*RECORDS*

Content starts

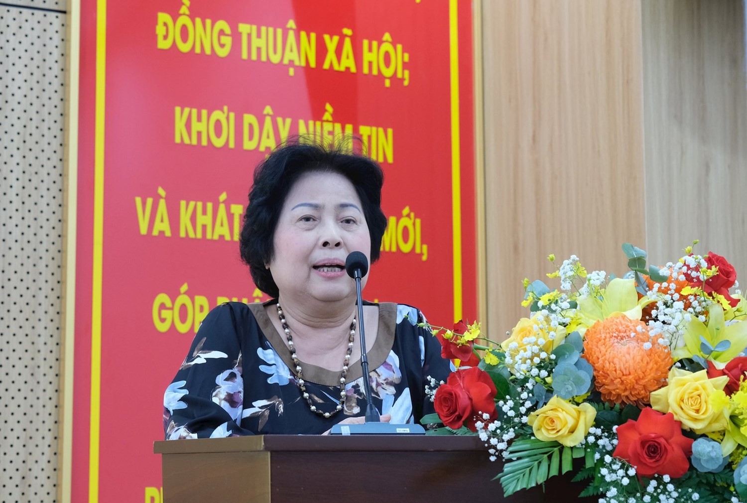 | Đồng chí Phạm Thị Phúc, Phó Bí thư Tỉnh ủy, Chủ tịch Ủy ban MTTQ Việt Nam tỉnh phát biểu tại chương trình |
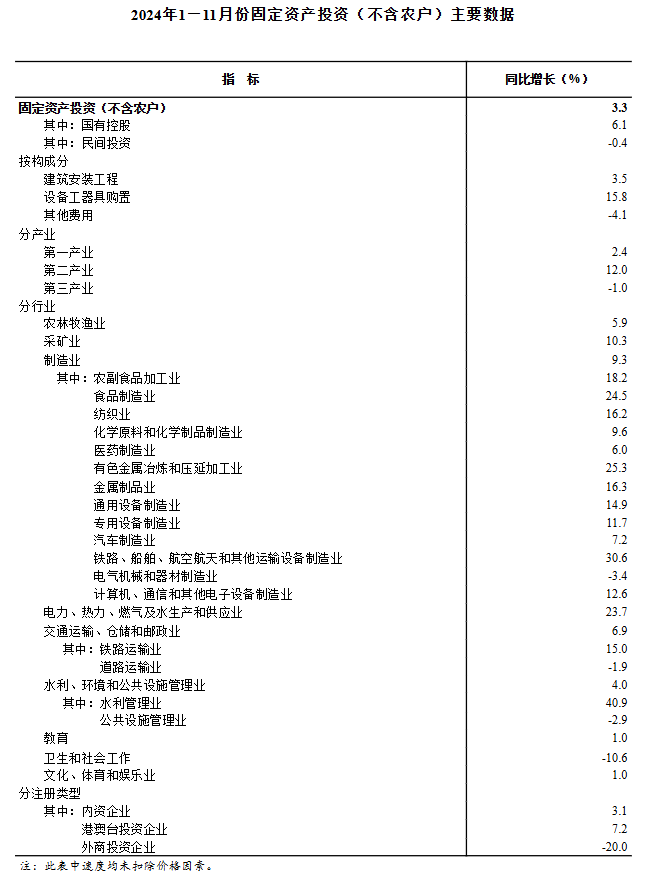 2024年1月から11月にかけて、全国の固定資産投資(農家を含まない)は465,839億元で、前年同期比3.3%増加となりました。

Content ends
Content starts

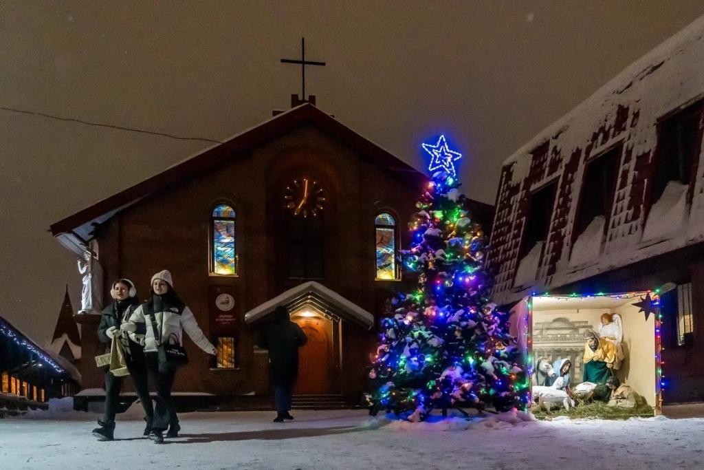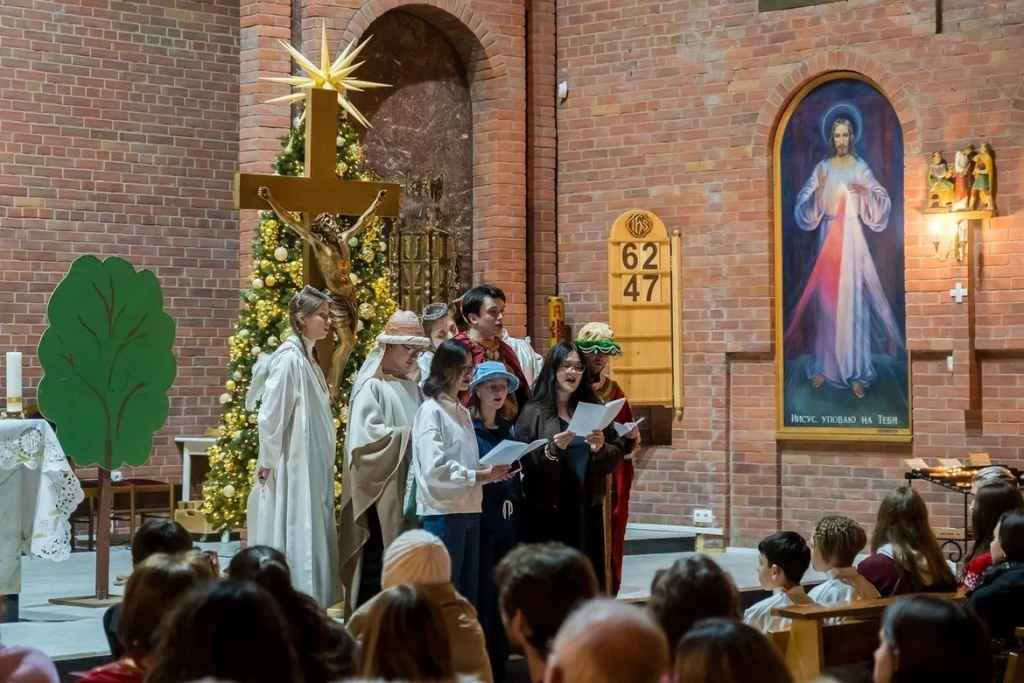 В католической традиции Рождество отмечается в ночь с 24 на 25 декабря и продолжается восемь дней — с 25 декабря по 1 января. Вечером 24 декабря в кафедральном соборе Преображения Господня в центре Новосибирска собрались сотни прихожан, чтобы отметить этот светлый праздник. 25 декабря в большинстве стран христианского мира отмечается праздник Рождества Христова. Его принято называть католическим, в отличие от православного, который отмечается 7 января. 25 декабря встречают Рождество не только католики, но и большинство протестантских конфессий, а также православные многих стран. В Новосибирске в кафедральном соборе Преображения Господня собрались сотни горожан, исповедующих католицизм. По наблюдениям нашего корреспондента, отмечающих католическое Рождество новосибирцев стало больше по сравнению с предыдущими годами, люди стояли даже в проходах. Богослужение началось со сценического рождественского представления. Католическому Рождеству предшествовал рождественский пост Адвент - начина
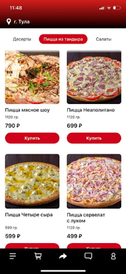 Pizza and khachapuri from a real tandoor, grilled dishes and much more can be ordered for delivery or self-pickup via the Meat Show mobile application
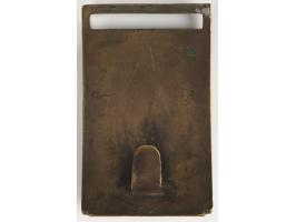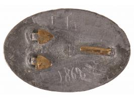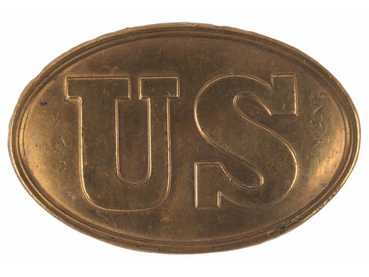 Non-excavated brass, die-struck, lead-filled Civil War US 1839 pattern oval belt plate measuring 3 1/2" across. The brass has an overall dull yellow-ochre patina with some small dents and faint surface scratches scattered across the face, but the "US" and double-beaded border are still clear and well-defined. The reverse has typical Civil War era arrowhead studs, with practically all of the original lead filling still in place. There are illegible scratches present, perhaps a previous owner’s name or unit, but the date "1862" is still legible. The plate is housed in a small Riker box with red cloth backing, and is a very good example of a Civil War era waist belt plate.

Content ends

*ACTIVITY*
Exact copy, no pictures. Write out the lines in the entries above, starting with the line with "chương trình |" and going on through the line with "2024年1月から11月にか", keeping both.

*RESPONSE BOX*
 | Đồng chí Phạm Thị Phúc, Phó Bí thư Tỉnh ủy, Chủ tịch Ủy ban MTTQ Việt Nam tỉnh phát biểu tại chương trình |
 2024年1月から11月にかけて、全国の固定資産投資(農家を含まない)は465,839億元で、前年同期比3.3%増加となりました。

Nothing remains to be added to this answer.